Table 1 Demographic characteristics in children with bacterial sepsis.

Comparison of laboratory indicators of patients between the NRBC-positive and NRBC-negative groups at admission and after treatment

In terms of laboratory parameters, the blood indexes were significantly improved, and there were no significant differences in the blood indexes between the two groups after treatment (Figure 1). There were statistically significant differences in laboratory indicators between NRBC-positive and NRBC-negative patients at admission. In the blood parameters, platelet count and hemoglobin in the NBRC-positive group were significantly lower than those in the NRBC-negative group, while CRP was higher in the NBRC-positive group (P <0.05) (Figure 1). Among the biochemical indexes, the ALT, BUN, lactic acid and APTT levels in the NRBC-positive group were higher than those in the NRBC-negative group (P <0.05) (Figure 2). Furthermore, blood culture in NRBC-positive patients had a higher positive rate than that in NRBC-negative patients (P <0.05) (Table 1). However, other parameters, such as PCT, troponin, albumin, AST, Scr, potassium, sodium, and calcium, showed no difference between the two groups (data not shown).

FIGURE 1

Figure 1 Blood index for septic children with and without nucleated red blood cells (NRBCs) before and after treatment. WBC (A), Hemoglobin (B), PLT (C) and CRP (D) levels present in the blood of the respective groups are shown. One asterisk denotes a statistically significant difference from the NRBC (+) group after treatment (P < 0.05), double asterisks denote a statistically significant difference from the NRBC (-) group before treatment (P < 0.05). WBC, white blood cell; PLT, platelet; CRP, c-reactive protein.

FIGURE 2

Figure 2 Laboratory values for septic children with and without nucleated red blood cells (NRBCs) before and after treatment. ALT (A), urea nitrogen (B), APTT (C) and lactic acid (D) levels present in the blood of the respective groups are shown. One asterisk denotes a statistically significant difference from the NRBC (+) group after treatment (P < 0.05), double asterisks denote a statistically significant difference from the NRBC (-) group before treatment (P < 0.05). ALT, alanine aminotransferase; APTT, activated partial thromboplastin time.
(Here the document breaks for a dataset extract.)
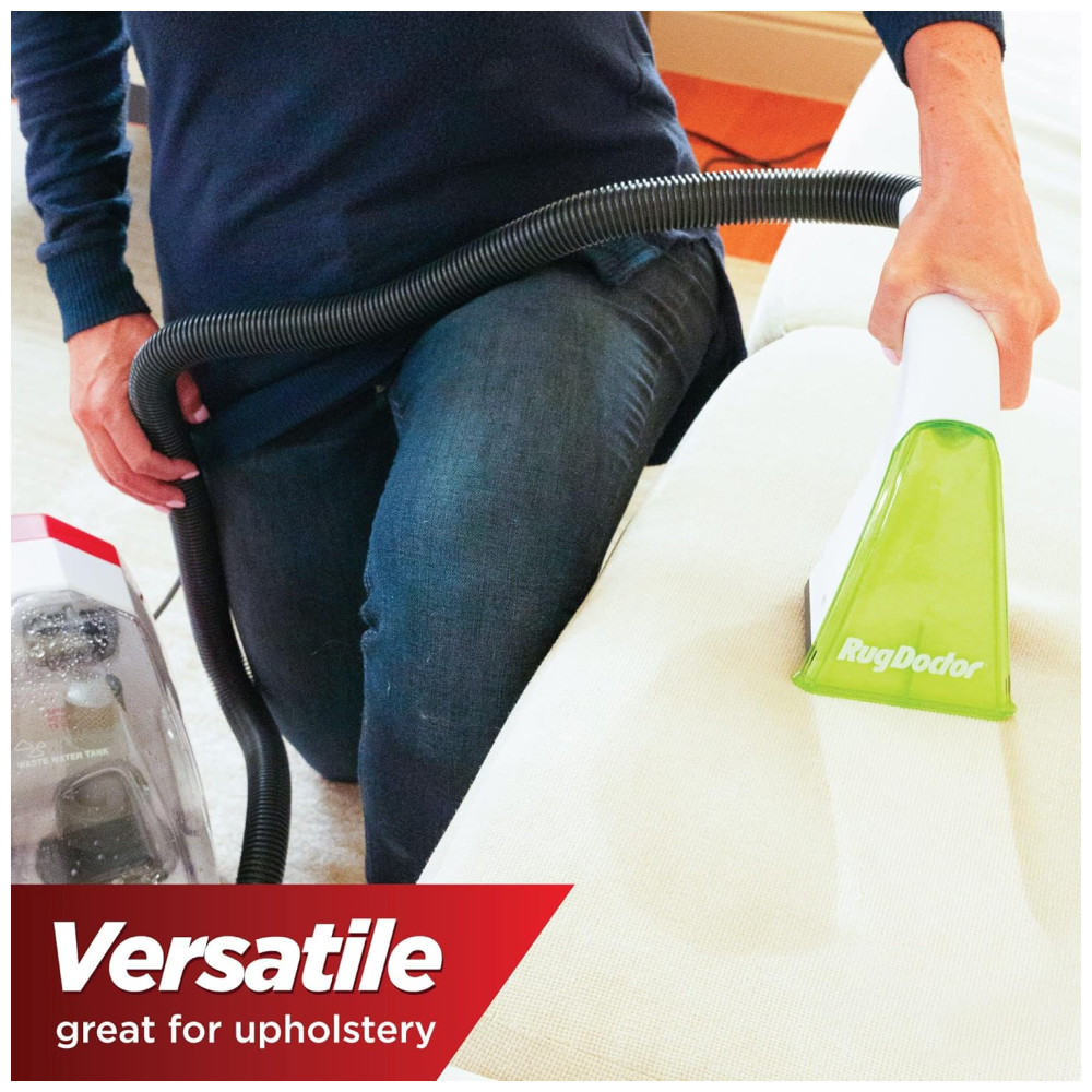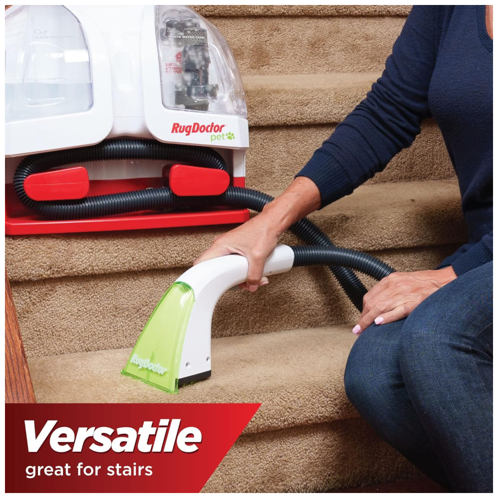 O limpador de manchas portátil Rug Doctor Pet é ideal para quem busca resultados de limpeza profissionais em superfícies macias, como carpetes, tapetes, escadas, estofados, colchões, camas para animais de estimação, interiores de automóveis e muito mais. Com potência de sucção 2X em comparação com os principais limpadores de carpetes portáteis comparáveis, este produto elimina sujeira, manchas, manchas e odores incrustados da bagunça do dia a dia e de animais de estimação. A ferramenta portátil de dupla ação para animais de estimação retém pelos soltos de animais de estimação e torna a limpeza fácil e rápida. Além disso, a máquina apresenta um design portátil, leve e compacto, com rodas adequadas para carpetes e uma alça retrátil, facilitando a manobra onde quer que você precise. Para obter melhores resultados, use com a solução de limpeza de manchas de odor para animais de estimação Rug Doctor Pure Power.

Comparison of severity and prognosis of patients in the NRBC-positive and NRBC-negative groups

The criteria for treatment of sepsis were also according to the International Consensus Conference on Pediatric Sepsis (Goldstein et al., 2005). NRBC-positive patients were more likely to have transfusion (55/77, 71% vs. 8/38, 21%, respectively) and hemopurification (12/77, 16% vs. 2/38, 5%, respectively) treatments (Table 2). The main method of hemopurification for sepsis is hemodiafiltration. Moreover, NRBC-positive patients appeared to have more inpatient days (median 17.6 vs. 10.5, respectively; Mann−Whitney p= 0.03). To further evaluate the role of NRBC count in predicting mortality in children with sepsis, we compared outcomes in the NRBC-positive and NRBC-negative groups. The vast majority of the NRBC-negative patients recovered after treatment (97.4%), while 25.9% of the NRBC-positive patients experienced deterioration or even death after treatment (Table 2). Additionally, the counts of NRBC in NRBC-positive children who recovered from diseases significantly decreased after treatment (Figure 3). These results indicated that NRBC-positivity may be linked with a poor prognosis of childhood sepsis.

TABLE 2

Table 2 Treatment and clinical outcomes in children with sepsis.

FIGURE 3

Figure 3 The trend of nucleated red blood cell (NRBC) count for septic children before and after treatment. Asterisk denotes a statistically significant difference from the NRBC (+) group after treatment (P < 0.05).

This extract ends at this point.